The fix is to first check that the requested space is smaller than the
buffer size. If so, then the masking logic will work fine. If not, then
there is no chance the record can be saved and it will be gracefully handled
by upper code layers.

In v2, we also make the logic for the writable more explicit by
renaming it to rb->overwrite because it tells whether or not the
buffer can overwrite its tail (suggested by PeterZ).

Signed-off-by: Stephane Eranian <[email protected]>
---

diff --git a/kernel/events/internal.h b/kernel/events/internal.h
index d56a64c..eb675c4 100644
--- a/kernel/events/internal.h
+++ b/kernel/events/internal.h
@@ -16,7 +16,7 @@ struct ring_buffer {
int page_order; /* allocation order */
#endif
int nr_pages; /* nr of data pages */
- int writable; /* are we writable */
+ int overwrite; /* can overwrite itself */

atomic_t poll; /* POLL_ for wakeups */

diff --git a/kernel/events/ring_buffer.c b/kernel/events/ring_buffer.c
index 23cb34f..f52d1e7 100644
--- a/kernel/events/ring_buffer.c
+++ b/kernel/events/ring_buffer.c
@@ -18,12 +18,24 @@
static bool perf_output_space(struct ring_buffer *rb, unsigned long tail,
unsigned long offset, unsigned long head)
{
- unsigned long mask;
+ unsigned long sz = perf_data_size(rb);
+ unsigned long mask = sz - 1;

- if (!rb->writable)
+ /*
+ * check if user-writable
+ * overwrite : over-write its own tail
+ * !overwrite: buffer possibly drops events.
+ */
+ if (rb->overwrite)
return true;

- mask = perf_data_size(rb) - 1;
+ /*
+ * verify that payload is not bigger than buffer
+ * otherwise masking logic may fail to detect
+ * the "not enough space" condition
+ */
+ if ((head - offset) > sz)
+ return false;

offset = (offset - tail) & mask;
head = (head - tail) & mask;
@@ -212,7 +224,9 @@ ring_buffer_init(struct ring_buffer *rb, long watermark, int flags)
rb->watermark = max_size / 2;

if (flags & RING_BUFFER_WRITABLE)
- rb->writable = 1;
+ rb->overwrite = 0;
+ else
+ rb->overwrite = 1;

atomic_set(&rb->refcount, 1);


2013-03-19 12:35:16

by Peter Zijlstra

[permalink] [raw]
Subject: Re: [PATCH v2] perf: fix ring_buffer perf_output_space() boundary calculation

On Mon, 2013-03-18 at 14:33 +0100, Stephane Eranian wrote:
> This patch fixes a flaw in perf_output_space().
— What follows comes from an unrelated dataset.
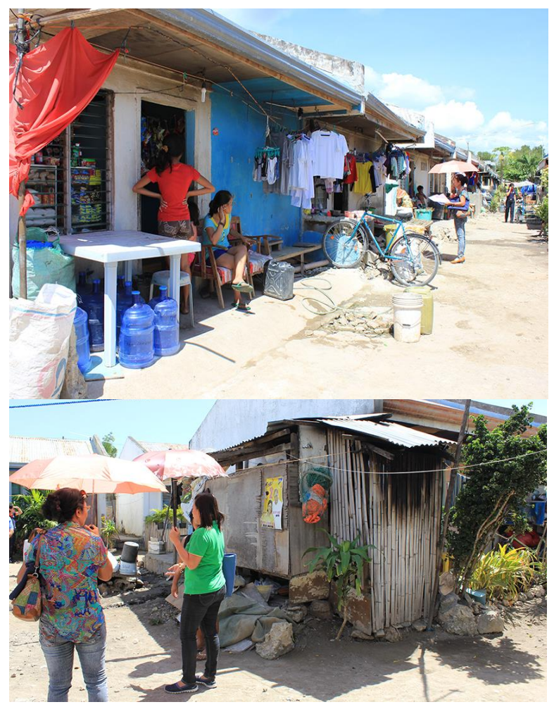
During the conduct of a joint site ocular inspection on March 4, 2015,the CO had a discussion with the Municipal Health staff about sanitation and the available facilities, i.e. septic tank dredging.

In case the size
> of the space needed is bigger than the actual buffer size, there
> may be situations where the function would return true (i.e., there
> is space) when it should not. head > offset due to rounding of the
> masking logic.
>
> The problem can be tested by activating BTS on Intel processors.
> A BTS record can be as big as 16 pages. The following command
> fails:
>
> $ perf record -m 4 -c 1 -e branches:u my_test_program
>
> You will get a buffer corruption with this. Perf report won't be
> able to parse the perf.data.
>
> The fix is to first check that the requested space is smaller than the
> buffer size. If so, then the masking logic will work fine. If not,
> then
> there is no chance the record can be saved and it will be gracefully
> handled
> by upper code layers.
>
> In v2, we also make the logic for the writable more explicit by
> renaming it to rb->overwrite because it tells whether or not the
> buffer can overwrite its tail (suggested by PeterZ).
>
> Signed-off-by: Stephane Eranian <[email protected]>
> ---

Acked-by: Peter Zijlstra <[email protected]>

Thanks!

Subject: [tip:perf/urgent] perf: Fix ring_buffer perf_output_space() boundary calculation

Commit-ID: dd9c086d9f507d02d5ba4d7c5eef4bb9518088b8
Gitweb: http://git.kernel.org/tip/dd9c086d9f507d02d5ba4d7c5eef4bb9518088b8
Author: Stephane Eranian <[email protected]>
AuthorDate: Mon, 18 Mar 2013 14:33:28 +0100
Committer: Ingo Molnar <[email protected]>
CommitDate: Thu, 21 Mar 2013 12:04:35 +0100

perf: Fix ring_buffer perf_output_space() boundary calculation

This patch fixes a flaw in perf_output_space(). In case the size
of the space needed is bigger than the actual buffer size, there
may be situations where the function would return true (i.e.,
there is space) when it should not. head > offset due to
rounding of the masking logic.

The problem can be tested by activating BTS on Intel processors.
A BTS record can be as big as 16 pages. The following command
fails:

$ perf record -m 4 -c 1 -e branches:u my_test_program

You will get a buffer corruption with this. Perf report won't be
able to parse the perf.data.

The fix is to first check that the requested space is smaller
than the buffer size. If so, then the masking logic will work
fine. If not, then there is no chance the record can be saved
and it will be gracefully handled by upper code layers.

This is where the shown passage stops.